==== Records for processing
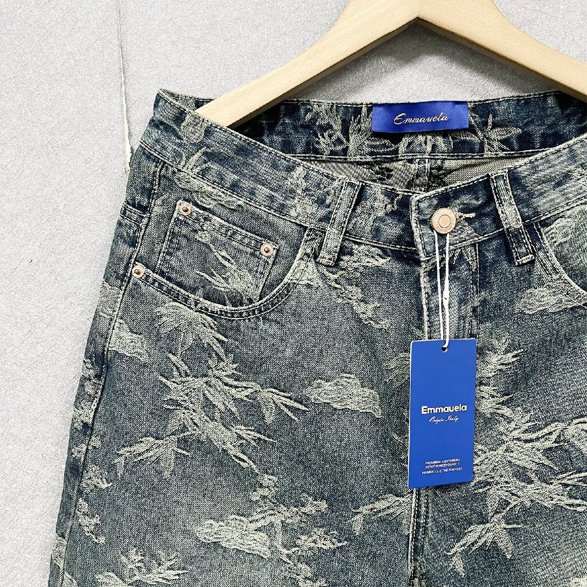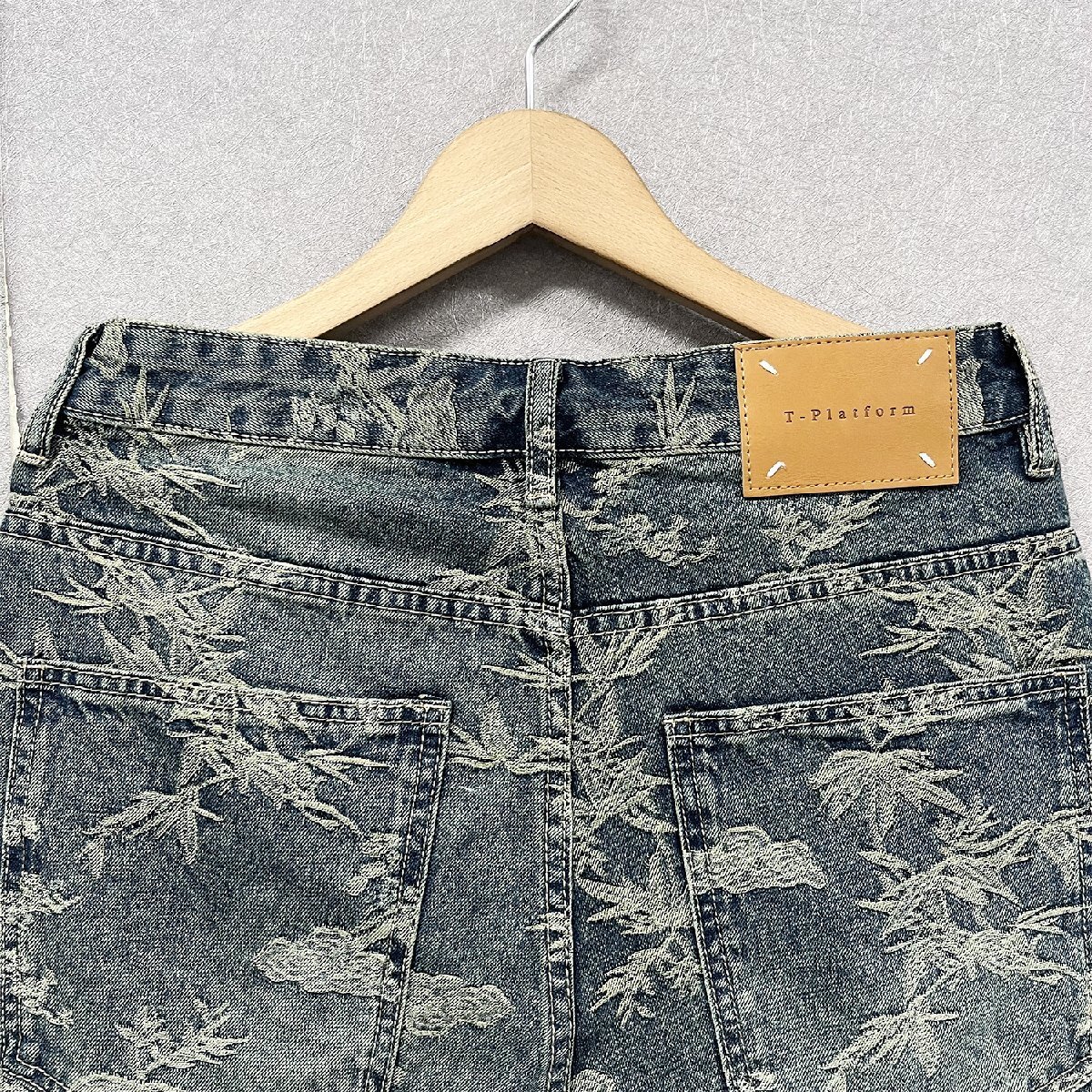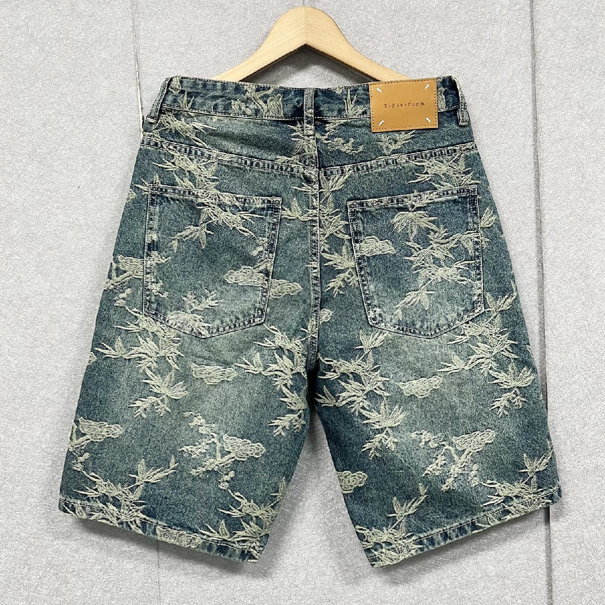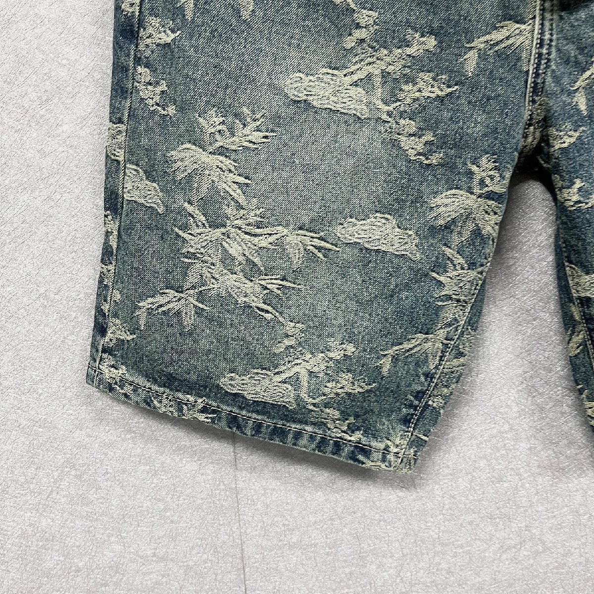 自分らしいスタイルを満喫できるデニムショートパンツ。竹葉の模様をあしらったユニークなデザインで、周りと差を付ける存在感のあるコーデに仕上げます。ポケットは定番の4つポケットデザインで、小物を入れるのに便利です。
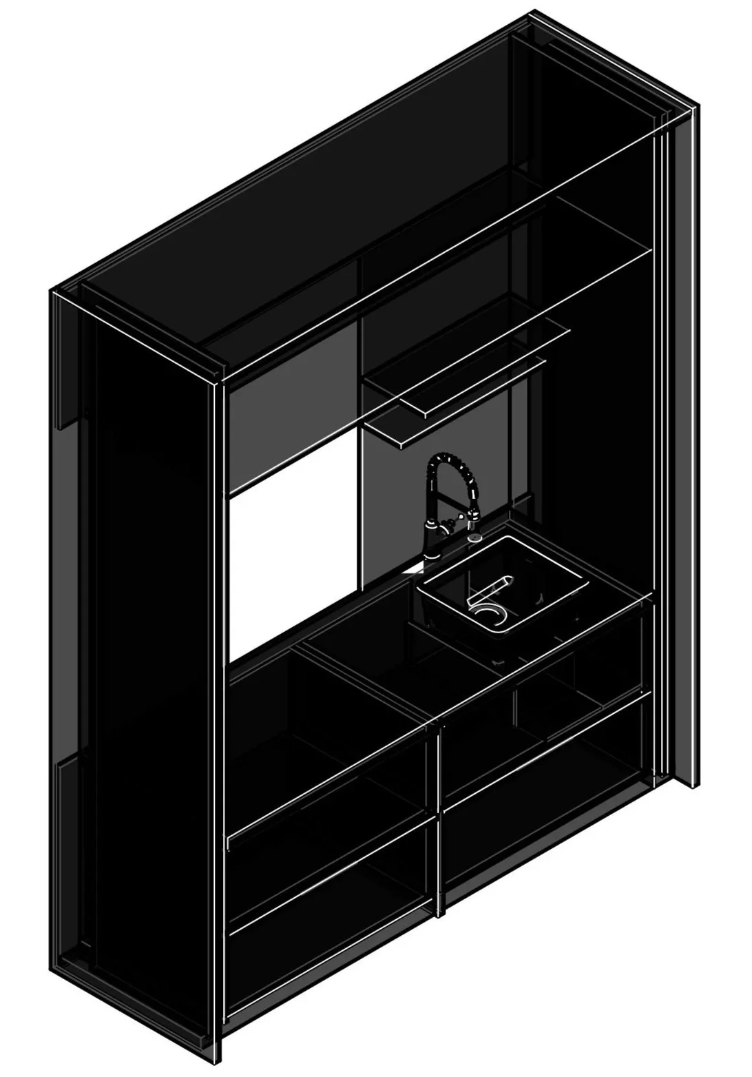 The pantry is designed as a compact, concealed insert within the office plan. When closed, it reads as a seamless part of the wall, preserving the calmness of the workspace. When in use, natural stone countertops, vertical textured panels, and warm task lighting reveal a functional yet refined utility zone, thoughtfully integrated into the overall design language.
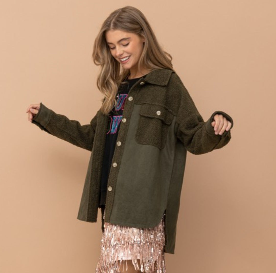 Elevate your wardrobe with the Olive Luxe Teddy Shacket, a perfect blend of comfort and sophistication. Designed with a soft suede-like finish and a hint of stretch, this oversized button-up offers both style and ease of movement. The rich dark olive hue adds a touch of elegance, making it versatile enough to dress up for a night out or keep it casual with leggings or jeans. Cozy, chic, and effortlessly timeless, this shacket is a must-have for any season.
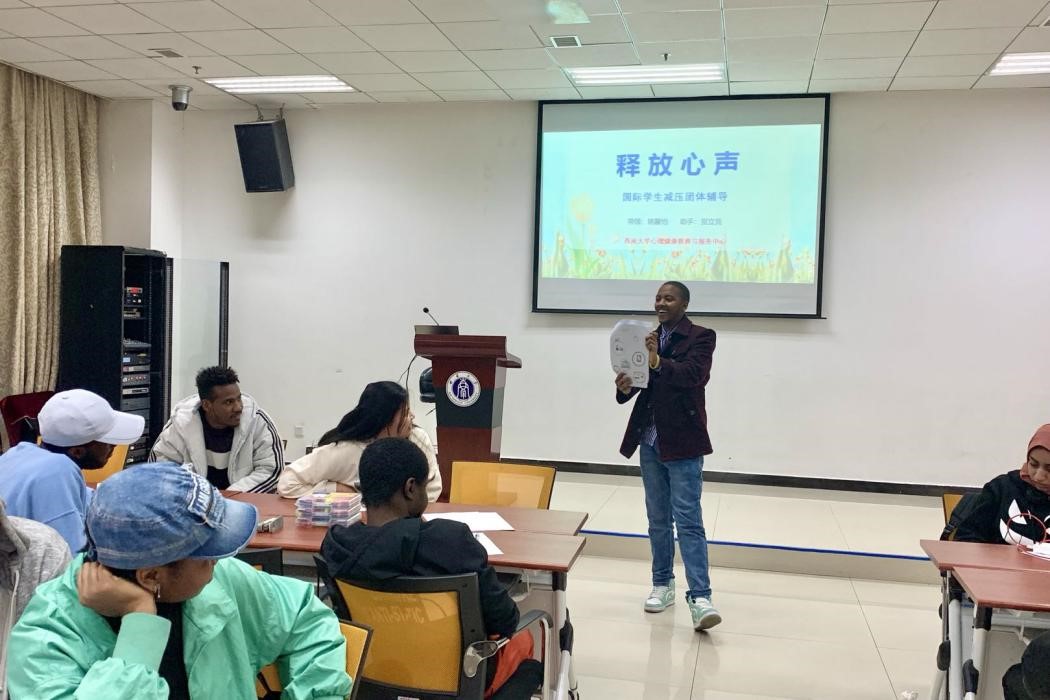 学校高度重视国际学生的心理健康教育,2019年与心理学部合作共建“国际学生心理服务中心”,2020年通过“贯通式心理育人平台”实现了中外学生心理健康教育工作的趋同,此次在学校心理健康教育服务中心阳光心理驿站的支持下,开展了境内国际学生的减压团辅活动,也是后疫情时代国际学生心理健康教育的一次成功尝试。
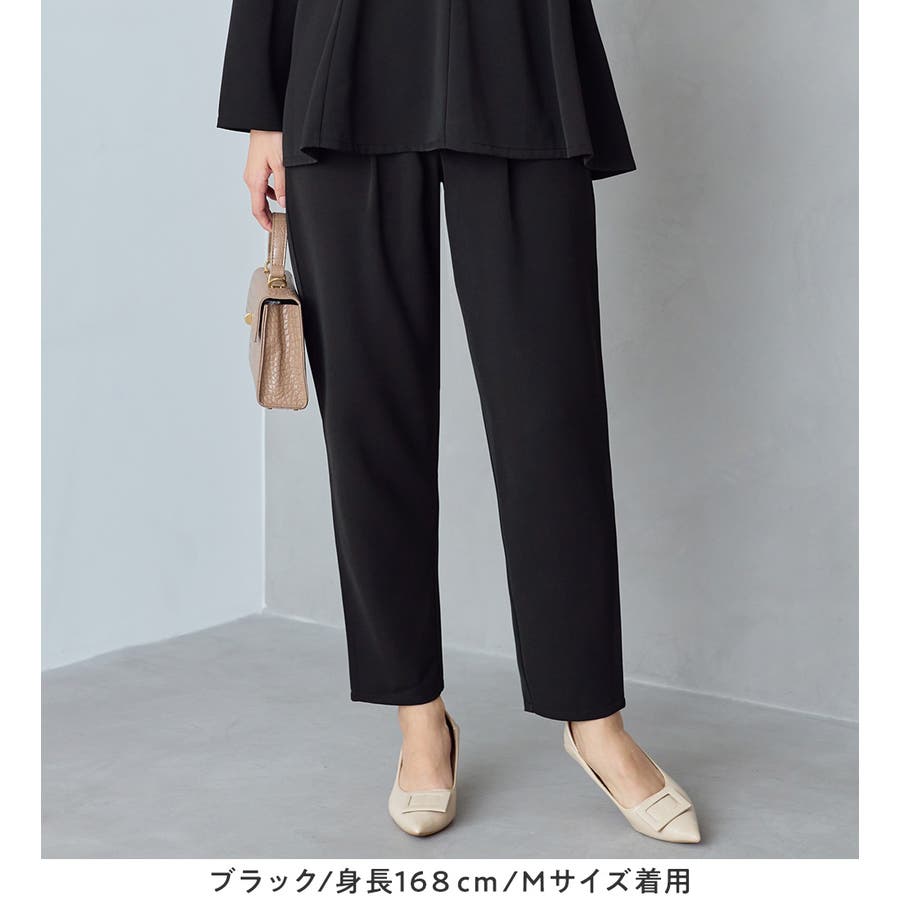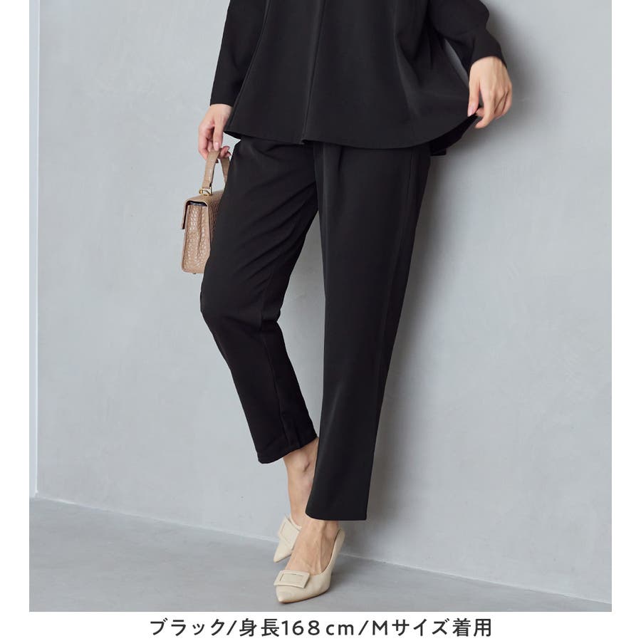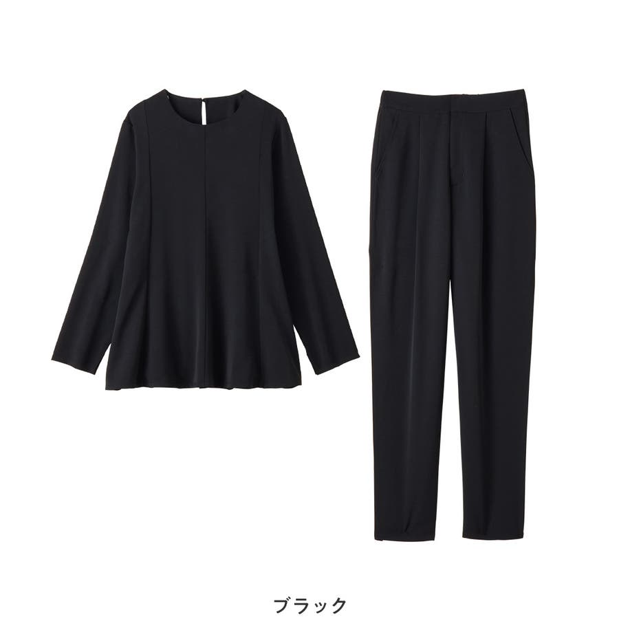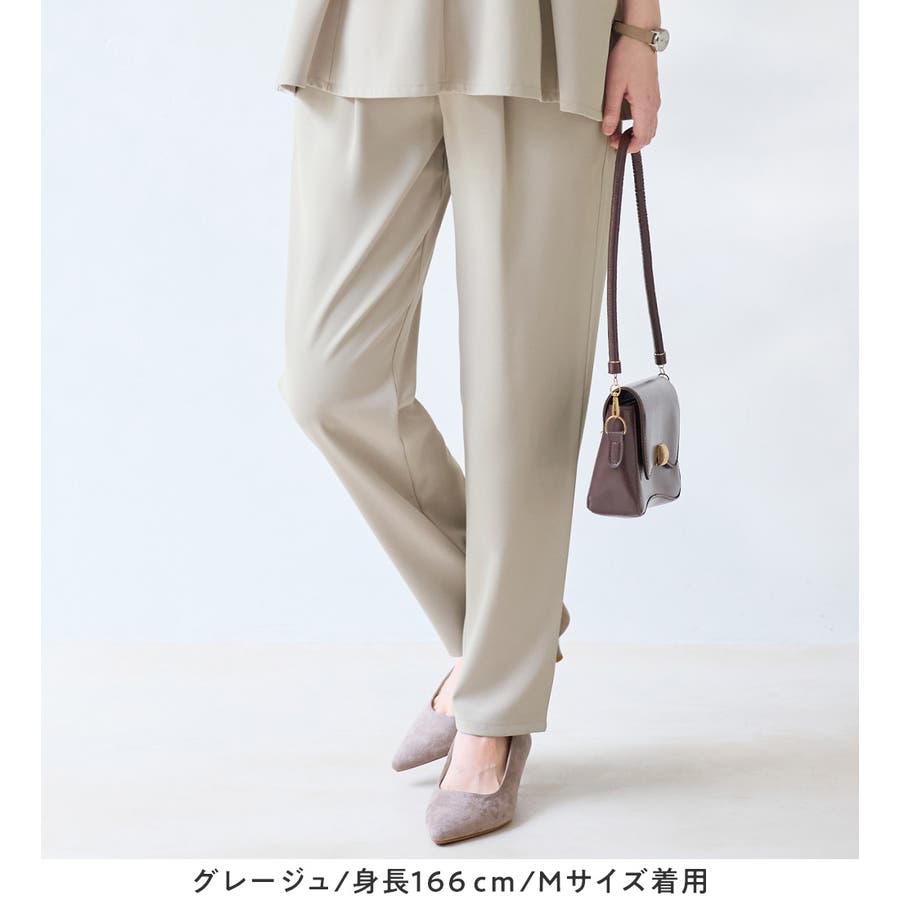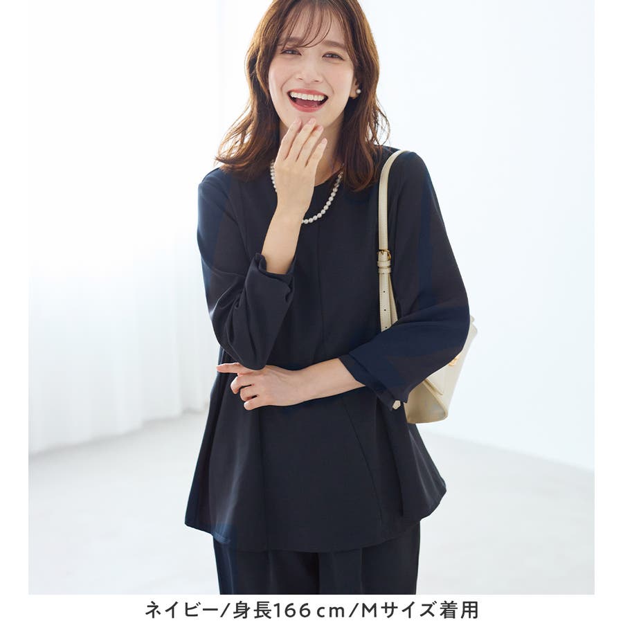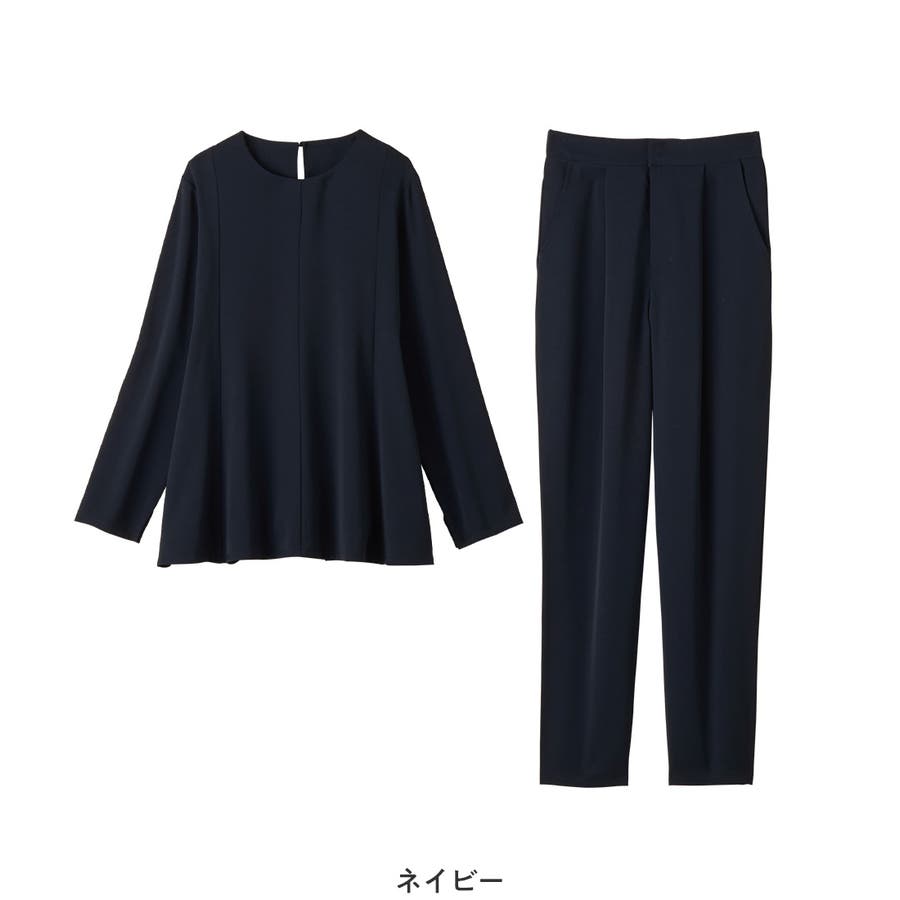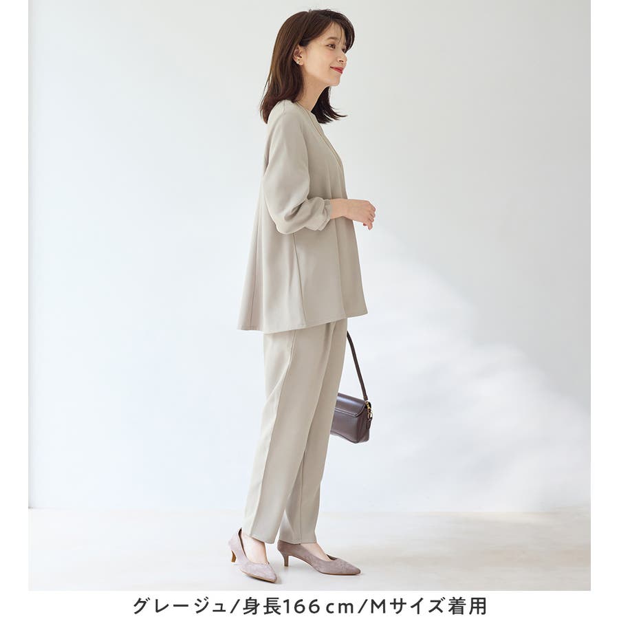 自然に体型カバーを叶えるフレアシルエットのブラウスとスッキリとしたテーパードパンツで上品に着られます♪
========
▶ [Your task] Quote, exactly and only, the lines from the first line of the data above through the line containing "The pantry is". The pictures do not belong in it.

▶ [Task answer]
 自分らしいスタイルを満喫できるデニムショートパンツ。竹葉の模様をあしらったユニークなデザインで、周りと差を付ける存在感のあるコーデに仕上げます。ポケットは定番の4つポケットデザインで、小物を入れるのに便利です。
 The pantry is designed as a compact, concealed insert within the office plan. When closed, it reads as a seamless part of the wall, preserving the calmness of the workspace. When in use, natural stone countertops, vertical textured panels, and warm task lighting reveal a functional yet refined utility zone, thoughtfully integrated into the overall design language.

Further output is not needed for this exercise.